Exercise goal -> Everything from the line with "海浜幕張のホテルニューオータ" to the line with "竹芝桟橋から東京湾の風景 冷凍倉庫と勝どきタワーマンション群(東京都港区)" in the listing below, both lines included, needs to be copied exactly, apart from the pictures.

Records for the task ->
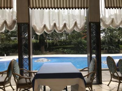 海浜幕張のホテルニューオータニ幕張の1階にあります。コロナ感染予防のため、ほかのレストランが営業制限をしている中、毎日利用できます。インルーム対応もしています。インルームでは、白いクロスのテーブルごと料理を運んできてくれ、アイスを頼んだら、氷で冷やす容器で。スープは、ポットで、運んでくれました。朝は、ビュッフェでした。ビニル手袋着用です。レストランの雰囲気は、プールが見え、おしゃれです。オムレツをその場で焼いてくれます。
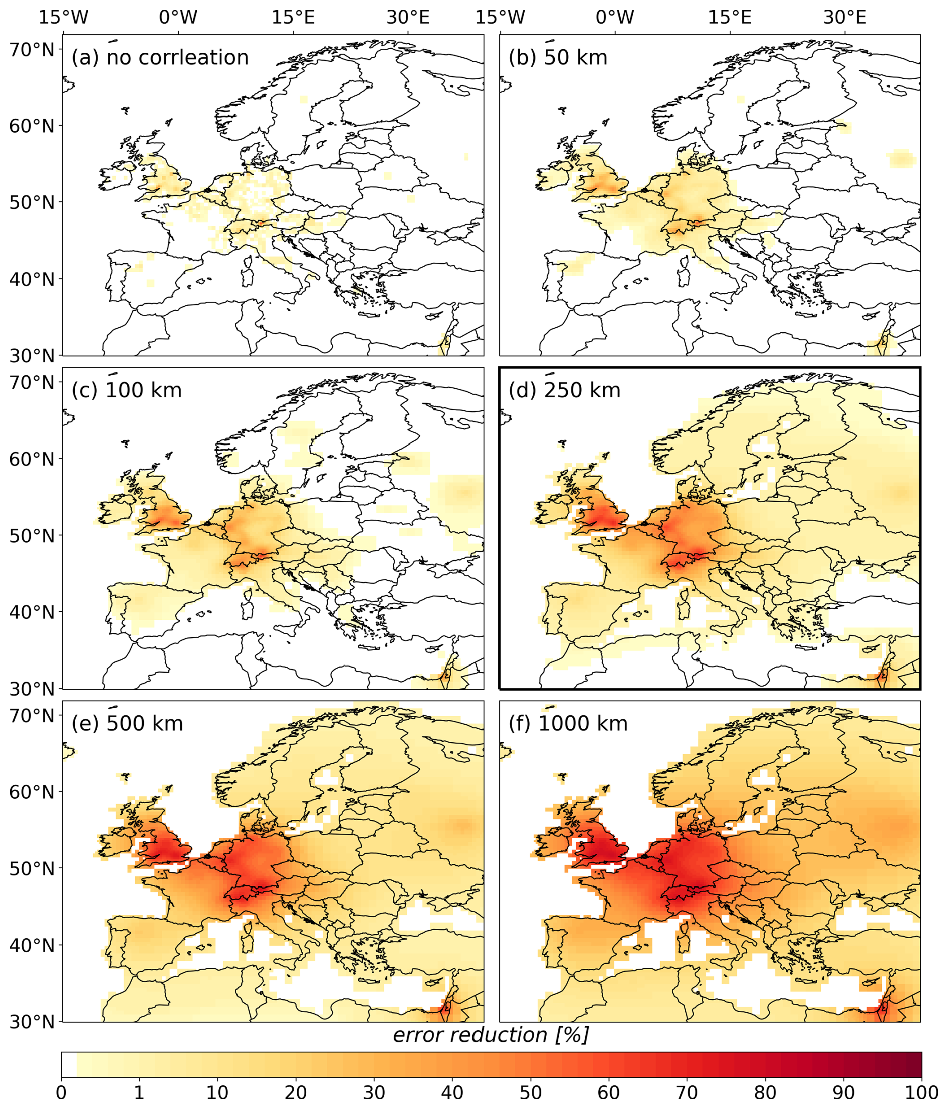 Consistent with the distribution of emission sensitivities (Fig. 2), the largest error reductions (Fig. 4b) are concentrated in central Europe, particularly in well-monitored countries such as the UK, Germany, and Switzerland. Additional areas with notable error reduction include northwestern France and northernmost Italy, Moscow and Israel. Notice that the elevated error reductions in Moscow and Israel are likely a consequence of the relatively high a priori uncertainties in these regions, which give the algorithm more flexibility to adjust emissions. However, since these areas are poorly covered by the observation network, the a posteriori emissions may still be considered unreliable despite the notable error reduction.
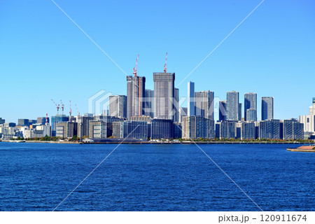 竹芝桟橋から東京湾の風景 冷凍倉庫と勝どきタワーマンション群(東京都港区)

* * *

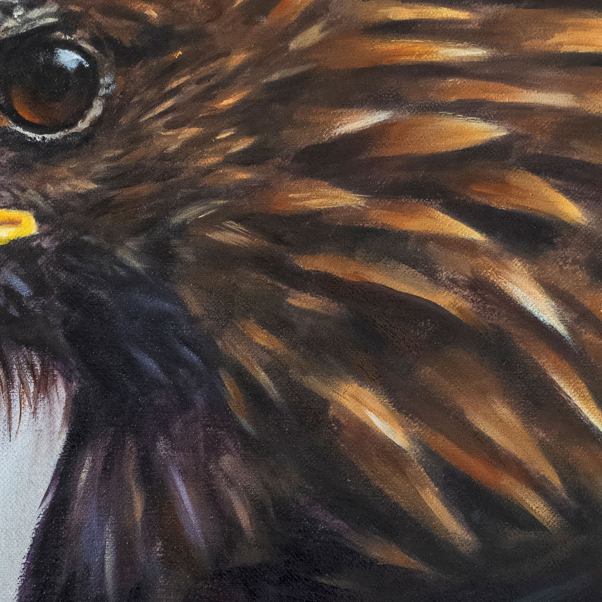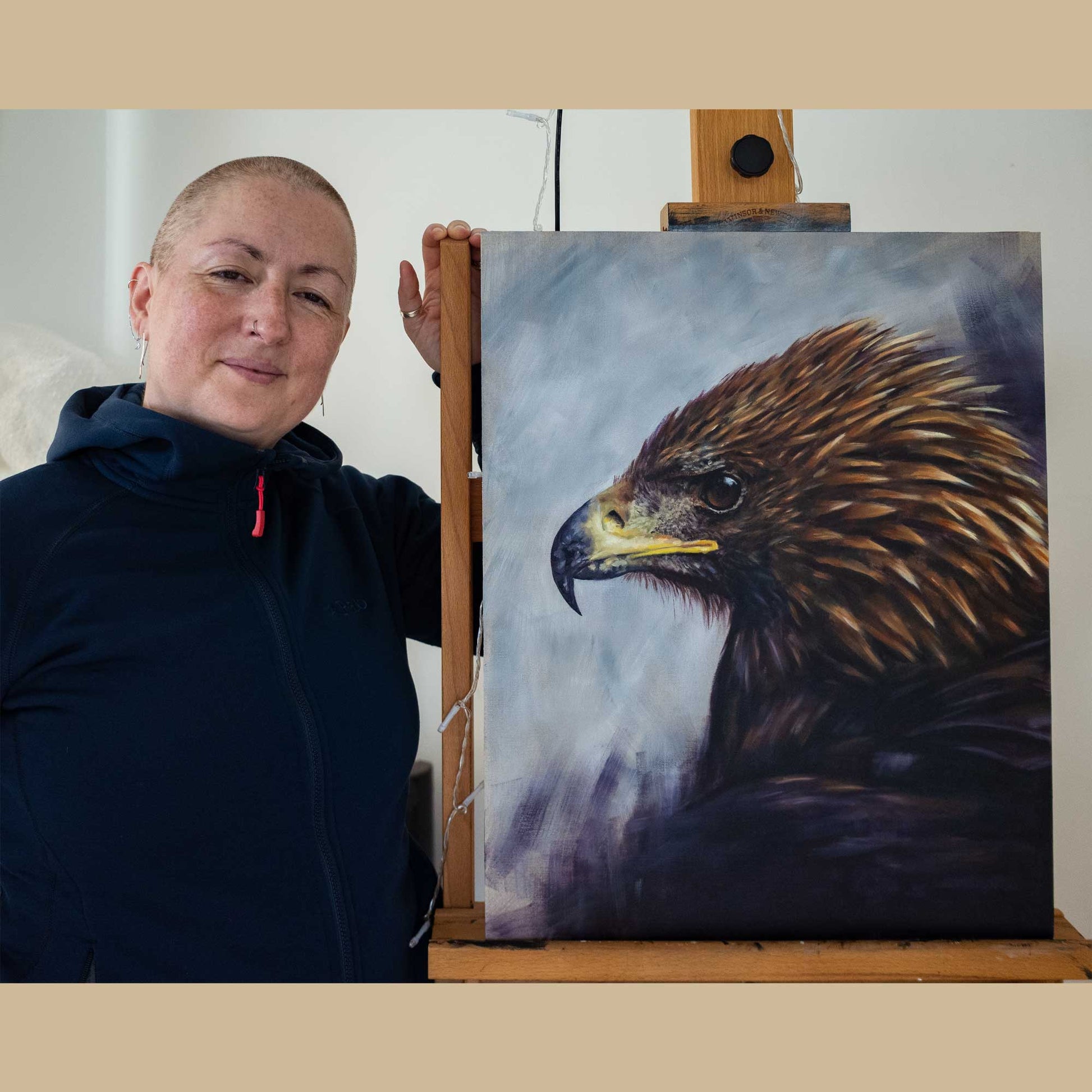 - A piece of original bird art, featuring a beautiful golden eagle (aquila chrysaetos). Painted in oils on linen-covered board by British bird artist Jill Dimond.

Solution for this problem ->
 海浜幕張のホテルニューオータニ幕張の1階にあります。コロナ感染予防のため、ほかのレストランが営業制限をしている中、毎日利用できます。インルーム対応もしています。インルームでは、白いクロスのテーブルごと料理を運んできてくれ、アイスを頼んだら、氷で冷やす容器で。スープは、ポットで、運んでくれました。朝は、ビュッフェでした。ビニル手袋着用です。レストランの雰囲気は、プールが見え、おしゃれです。オムレツをその場で焼いてくれます。
 Consistent with the distribution of emission sensitivities (Fig. 2), the largest error reductions (Fig. 4b) are concentrated in central Europe, particularly in well-monitored countries such as the UK, Germany, and Switzerland. Additional areas with notable error reduction include northwestern France and northernmost Italy, Moscow and Israel. Notice that the elevated error reductions in Moscow and Israel are likely a consequence of the relatively high a priori uncertainties in these regions, which give the algorithm more flexibility to adjust emissions. However, since these areas are poorly covered by the observation network, the a posteriori emissions may still be considered unreliable despite the notable error reduction.
 竹芝桟橋から東京湾の風景 冷凍倉庫と勝どきタワーマンション群(東京都港区)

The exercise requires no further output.